A "business" guy, I presumed, not only know just how to run a business, but have domain knowledge in various area that a programmer would not normally know about?

So yeah, one guy can be on vacation, while another work and switch in between. However, you lose that creative edge and perspectives.

So there's no such thing as a free lunch in gaining redundancy in programming expertise.

What about complementary skill sets? The 2 Steve's of Apple fame or example?

I think while it's just fine to have 2 technical cofounders it's also fine to have 2 founders where one is primarily business/design oriented while the other is more engineering/backend oriented [Frontend + Backend].

It's mostly about being able to maintain perspective on different parts of the startup even if both founders are technical and are capable programmers.

I think you'd always want one of the founders to be more marketing/biz oriented while the other stays in the scalability/performance arena. Why? Because going too deep into either domain forces you to lose perspective in the other. It's the same old not being able to see the forest through the trees problem.

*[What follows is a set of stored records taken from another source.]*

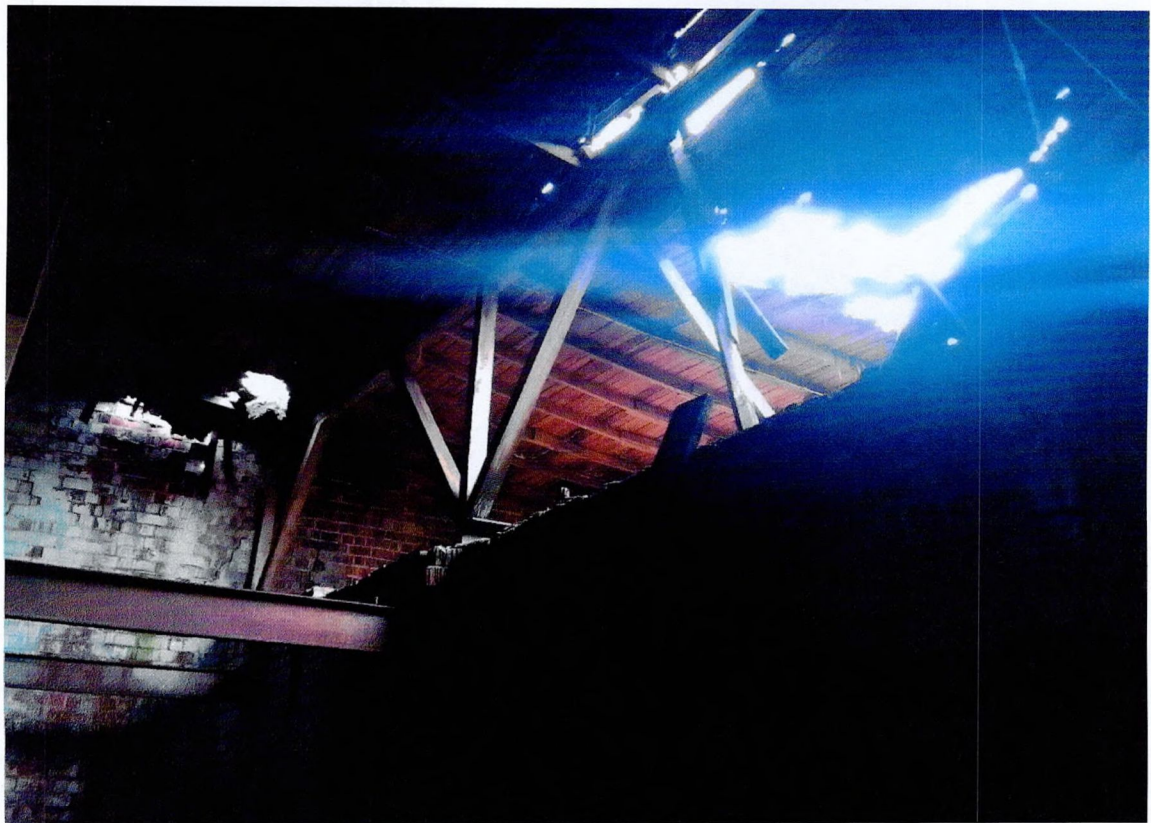
Фото 30. «1-этажный корпус - гараж (литера АЗ)». Общий вид конструкций внутри здания. Обрушения покрытия кровли.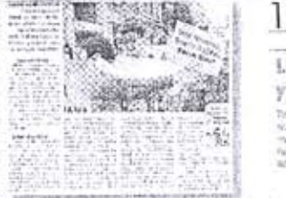
Silaha da santrale de havır! Silaha da santrale de havır!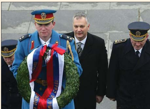
Изасланик председника Републике Бориса Тадића, министар одбране Драган Шутановац, положио је венца на гроб Незнаног јунака на Авали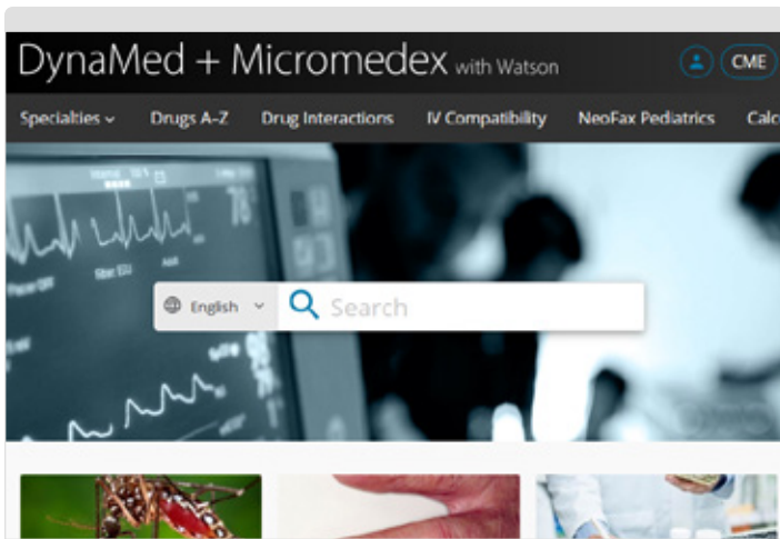
Vista ordenador de sobremesa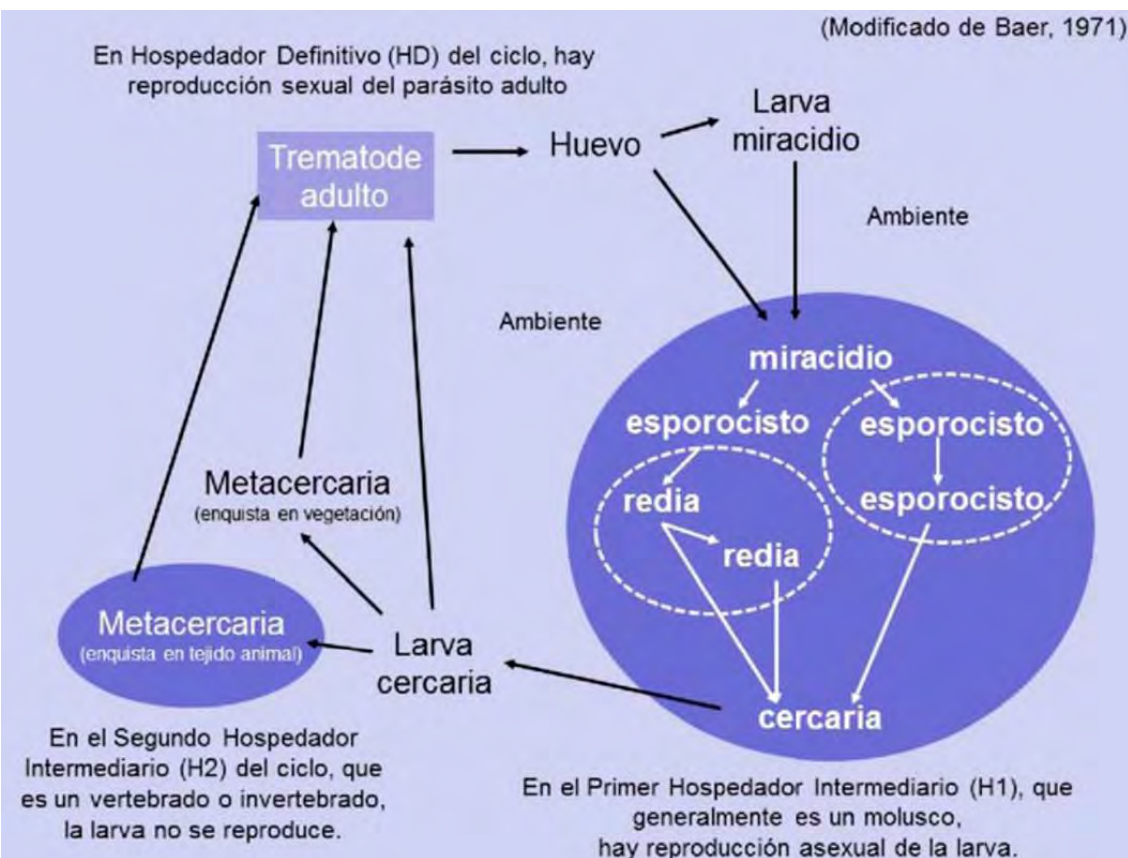
Figura 1. Ciclo generalizado de los parásitos digeneos trematodos (tomado de Darrigran, G.; M. Molina y H. Custodio. 2017a. Fichas Malacológicas: Síntesis y Proyección. Revista Boletín Biológica, 37: 39-40).

En esta Ficha Malacológica se considera al género de bivalvo marino Neolepton sp. (Figura 2). Se analiza la publicación de Presta et al. (2014), que estudia el impacto de digeneos larvarios sobre la especie Neolepton cobbi de Patagonia (Figura 3). Para cumplir con ese objetivo, los autores analizan dos parámetros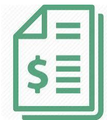
KIỂM TOÁN BÁO CÁO TÀI CHÍNH

Dịch vụ Kiểm toán Báo cáo tài chính và Các Dịch vụ chuyên ngành khác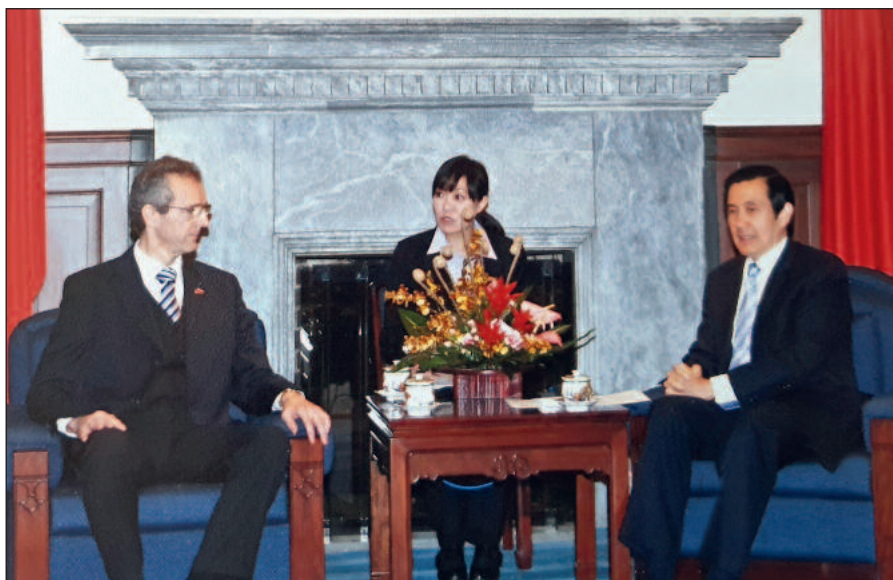
Pri jednaní s taiwanským prezidentom Ma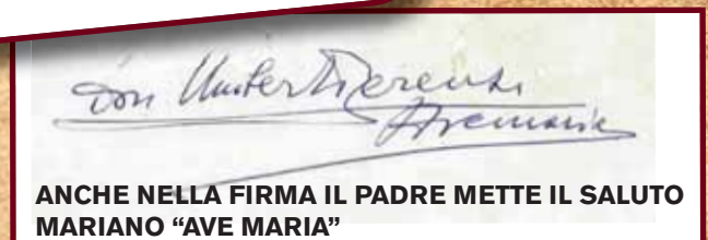
ANCHE NELLA FIRMA IL PADRE METTE IL SALUTO MARIANO "AVE MARIA"

Two heads are better than one precisely because they can complement each other - not because they can imitate one another.

If you have a single technical person, it seems that'd work best for some sort of product dev that doesn't involve maintaining a live service, wouldn't it? In the two-steves case, if Woz was on vacation for a week, or sick or something, all it meant was that no hardware design got done that week, but servers didn't start to fall over or anything.
In the early days of justin.tv (I was employee #6 if you include the 4 founders) there was almost no overlap in skill-sets. Everything in the company had a bus-count of exactly 1, we were permanently on-call, and I don't think anyone had a vacation for a very long time. It probably sounds painful (and it was!), but it meant we got an incredible amount of work done.

Of course there's often more than one way to skin a cat, and YMMV ;)

Great if you can find several multi-skilled people. obviously got to be better than having the same people, but take some skills away from some of them. But good luck finding more than one engineer-marketeer-manager.